Word Raccoon says it’s just paper. She knows she’s wrong. Some paper hums.
And every so often, I think that maybe I’ve only been sorting words the way I sorted that basket, keeping what sings, letting go of the rest. The things that stay? They don’t just stay. They belong.
And if you’re very lucky, they look back at you as if to say: you belong too.
Today’s writerly activities (as of lunchtime): When the storms cleared, I sat on the porch wrapped in my flowered robe and wrote three poems: “Spoiling Squirrels,” “OK, Flowers,” and “Patchwork,” the last written while I watched men patch the neighbor’s roof. One of them slipped but caught himself. Whew. That was a scary moment.
I also submitted two sets of poems to journals.
Update: I have now written three poems, one inspired by Hirshfield. That book!
Not that the poem is about this, but who knew “pillow words” were a thing! Not me. Now there’s a ready-made writing prompt. I’ll prepare my red pencil for any drafts sent my way. (Who are we kidding, Word Raccoon has a glitter pen and she puts hearts around everything instead of underlining it.)
I wasn’t feeling the video poem submission today (rough start to the morning, but the porch, the robe, and a surprise gift certificate for coffee slipped into the mail slot by a friend all brightened the day; WR is, after all, affected by the weather).
Tomorrow will bring another chance, and I think she’ll drag me to the mic whether I like it or not.
Sat on the porch this morning with two of these solar lanterns glowing beside me, a bright side to gloomy skies.
A breeze brought me the most gawky, adorably dorky poem. It landed in my lap all crooked and earnest, and I’ve been smiling ever since I wrote it down.
I want to sit beside it on a pillow and pluck at its sleeve as it reads so I can watch it crane its neck when it’s thinking so I can quit imitating it. I’m definitely enamored of the poem.
And tonight (Monday), dinner was a bowl of the most stunning red and brown new potatoes and chicken thighs all seasoned and baked together. No elaborate sauces, no big gestures, just the simplest food made between poem making.
What I really want right now is to sit on my porch swing and read Gilead by Marilynne Robinson, a book I started almost by accident.
It plunges right into important terrain, and it does so with openness, tenderness and with such precision I was pulled in from the get-go.
Like A Death in the Family but first person, epistolary style. It’s truly gorgeous. (I’m only a few pages in, but still.)
Word Raccoon doesn’t care that my heart is set on soft, she is bossing me around again. This time she says I have to record a video for a poetry submission. Me. On camera. Reading.

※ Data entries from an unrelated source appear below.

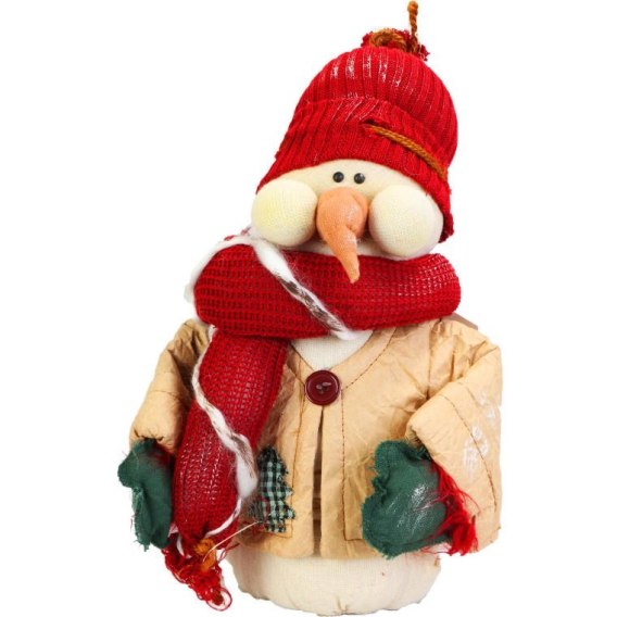 Bałwan wykonany z naturalnych materiałów w kolorze czerwonym 33 cm
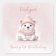Square Sticker in the soft pink and white with a cute polar bear for baby girl's winter 1st or any Birthday. Easily personalise the text. - Kate Eden Art
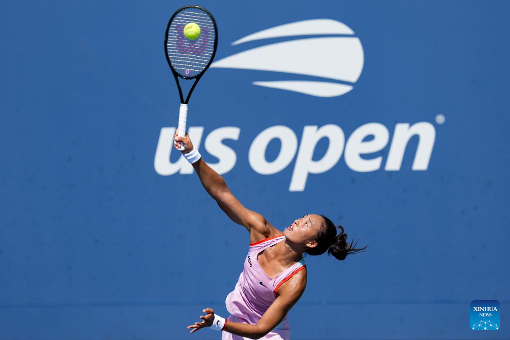 Zheng Qinwen of China serves during the women's singles first round match against Jelena Ostapenko of Latvia at the 2022 US Open tennis championships in New York, the United States, Aug. 30, 2022. (Xinhua/Liu Jie)
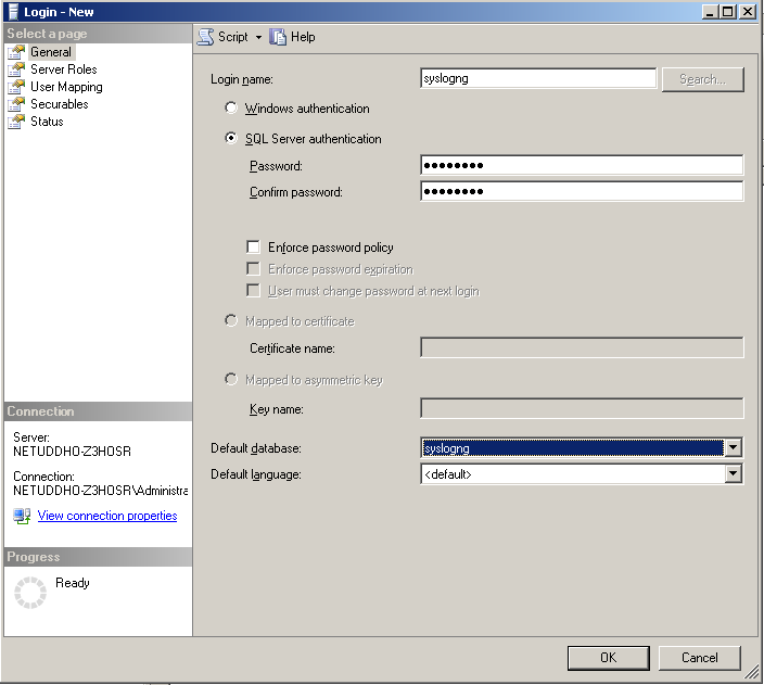 Select User Mapping. In the Users mapped to this login option, check the line corresponding to the new login (for example, syslogng). In the Database role membership field, check the db_owner and public options.
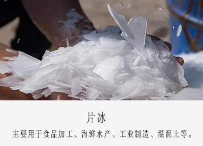 由于片冰巨大的表面積,其熱交換過程迅速,片冰可以迅速融化成水、帶走熱量、為被混合物增加濕度,廣泛用于海鮮水產急凍保鮮、超市生鮮、食品加工、漁業、混泥土攪拌等。
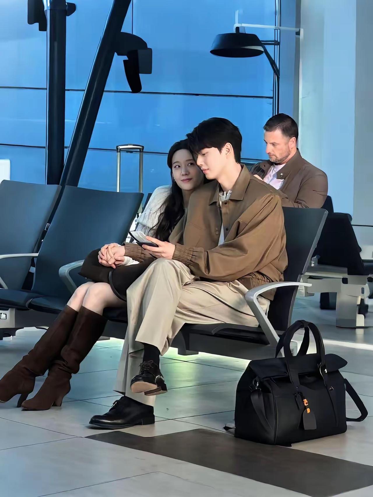 候车厅遇见一对男女,应该是热恋中的恋人,满眼都是你,满天星辰不如你
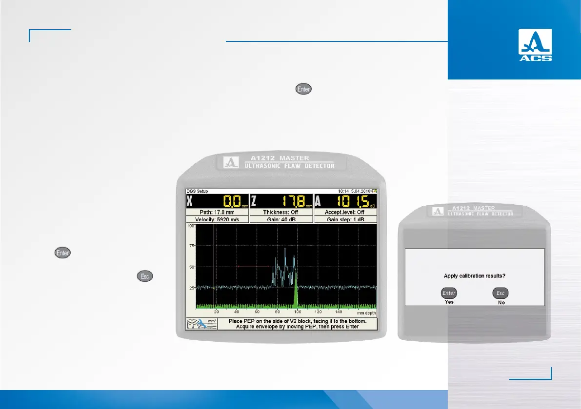 - move the PT with reference to the guide line and generate the time envelope of the signal from the hole. Adjust am-
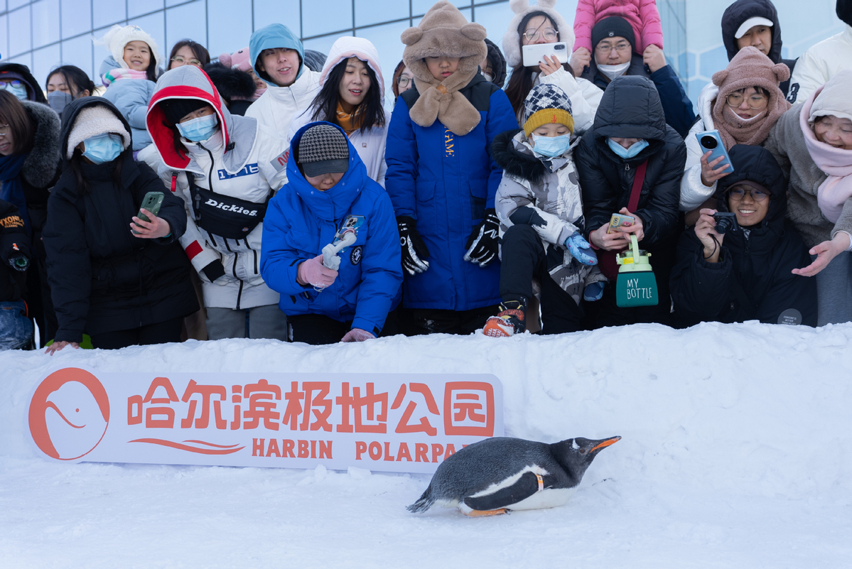 The penguins of the Harbin Polar Park embarked on an enchanting snow and ice parade on December 3, 2023. As the weekend unfolded, the penguins emerged outdoors, taking center stage and drawing a captivated audience of visitors keen to witness this unique winter spectacle. This time of year is peak winter tourism season in Harbin, a city renowned for its winter attractions, and the penguins' snowy parade provided a heartwarming and entertaining highlight to the city's winter scene.[Photo/Xinhua]
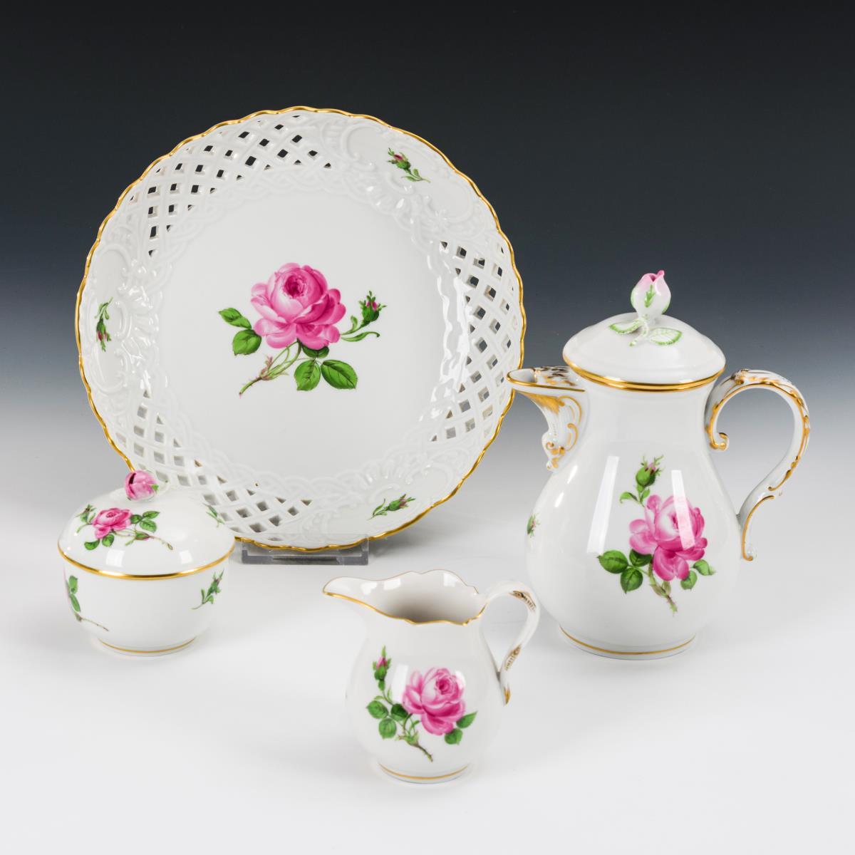 Kernstück und Durchbruchschale "Rote Rose". Meissen.
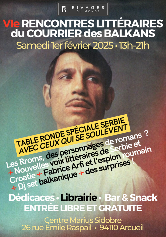 Le Courrier des Balkans vous donne rendez-vous le 1er février à Arcueil pour ses VIe Rencontres littéraires. Au programme : des auteurs, des éditeurs, des tables-rondes, une grande librairie-bouquinerie, des spécialités balkaniques et une table-ronde spéciale Serbie pour donner la parole à celles et ceux qui se soulèvent.
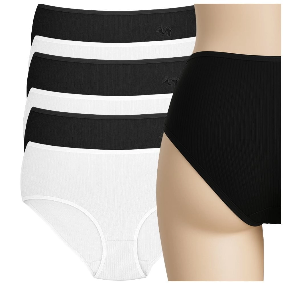 Prążkowane figi damskie z wysokim stanem wykonane z delikatnej, przewiewnej bawełny. Zestaw 6 sztuk idealny do codziennego użytku – komfort i styl w jednym.
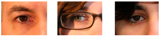 For our experiment, we have chosen the UBIPr dataset, which has been publicly available since 2012 and was created by Padole and Proenca [28]. It facilitates benchmarking our results against earlier published work in this domain of periocular biometrics. A few examples of images have been illustrated in Figure 2. The total count of images accessible is 10,252, which have been stored in .bmp format and come from 342 individuals. The acquired images were taken with a Canon E05 5D camera and belong to the visible range of the electromagnetic spectrum. These images vary in the subject’s distance from the camera, ranging from 4 m to 8 m, in increments of 1 m. The corresponding image resolution varies from 1001 × 801 pixels to 501 × 401 pixels. They also have variations of 0, 30, and −30 degrees in terms of pose and gaze. The subjects chosen based on gender are in the ratio of 54.4% male and 45.6% female.
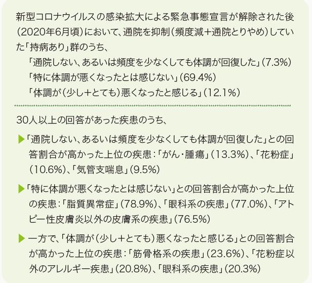 多人数の「持病あり」の方を対象とする受診抑制による影響の効果測定は、通常時は困難でしょう。Withコロナ時代は当面は続きそうです。アカデミアの方々には「禍を転じて福と為す」となるように、受診控えの影響に関する研究に積極的に取り組んで頂きたいと思います。
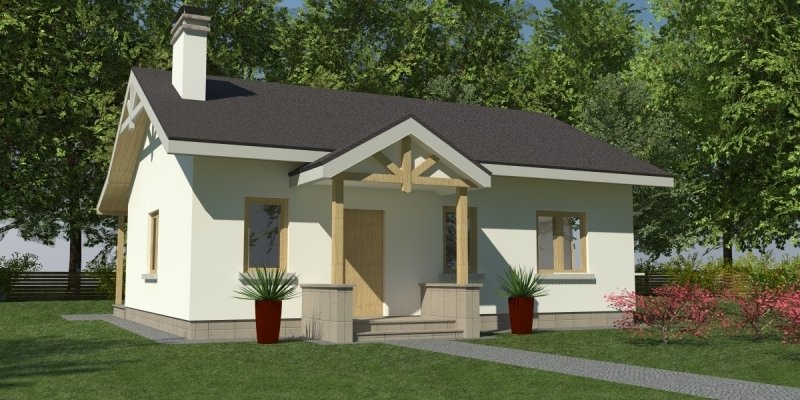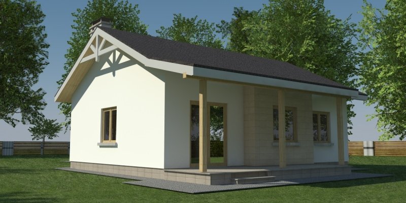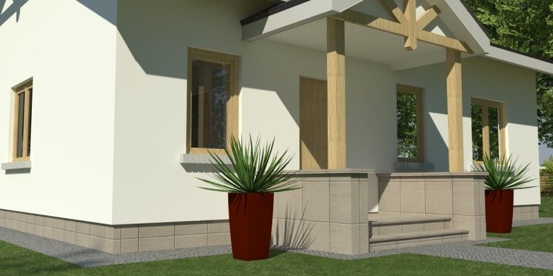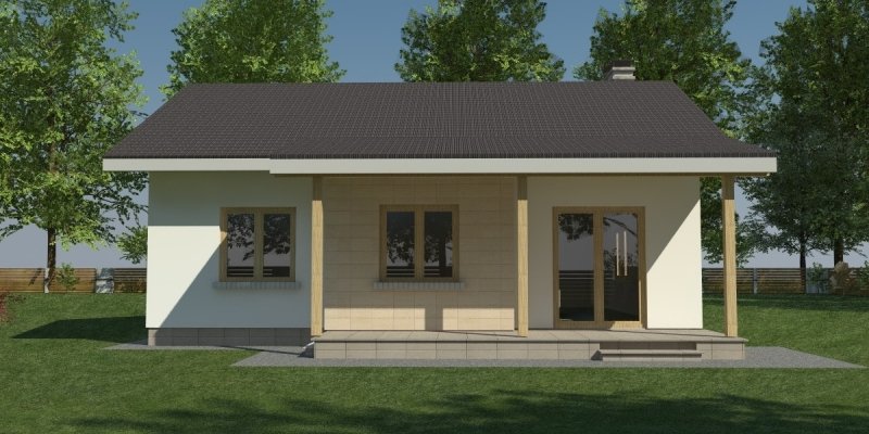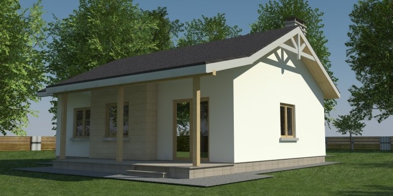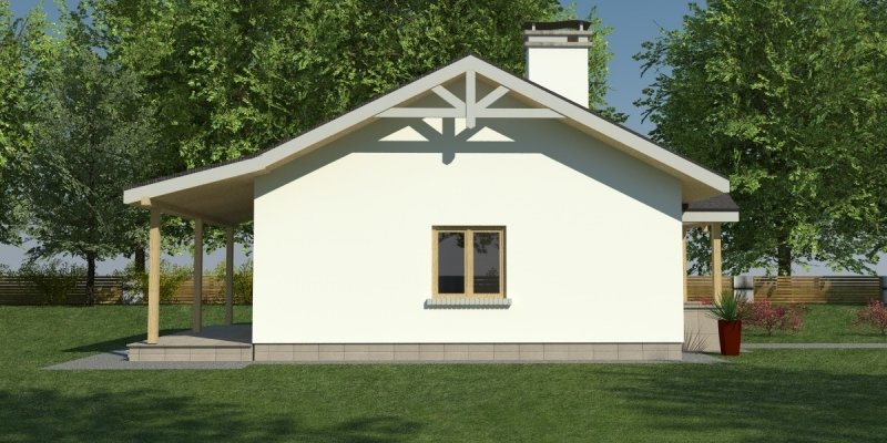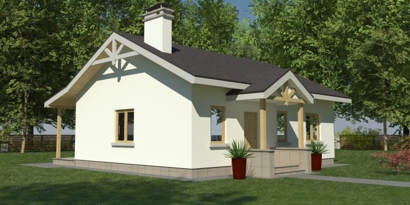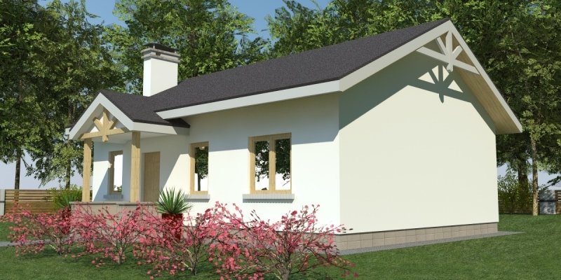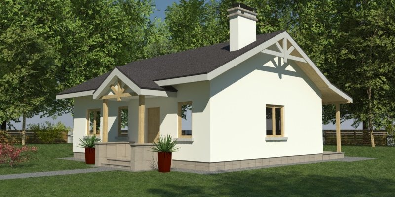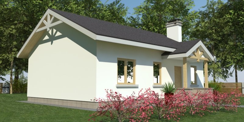 Dom parterowy o pow. 81.8 m2, będący alternatywą dla 3 pokojowego mieszkania. Dom zaprojektowano w sposób bardzo ekonomiczny i funkcjonalny, a jego realizacja jest przewidziana systemem całkowicie gospodarczym lub pół-gospodarczym. Ujmując ściślej - jest to dom do samodzielnego wybudowania przez przyszłych domowników, nie zawiera elementów trudnych do wykonania oraz kosztochłonnych.

I told her no. She said she wrote the poem to be performed, and besides, the ants will be disappointed if I don’t. The ants in the poem. She’s threatening me with insect guilt. I suppose I’ll give it a chance. But I am not thrilled.
And I’ll keep Nine Gates by Jane Hirshfield close at hand, the craft book whose essay on, of all things, translation, has me entranced.
Word Raccoon, for her part, is still running amok. She made the Amazon delivery guy burst out laughing earlier with an offhand remark. I scolded her, but too late. She thrives on an audience.
We wrote two more poems last night. One called Lost Amid Translation, after reading that mind-melting essay on translation in Hirshfield’s book. Another called The One With the Interview, but that one is still staggering around the page.
An update on the town siren: it’s broken, not decommissioned. Sources say it will be fixed. Sometime. I’m choosing to believe it.
And this week, WR and I are setting our writing goals for fall. Among them? Finishing novel number three.
Pardon me, though. I have a poem I wrote this morning to obsess over.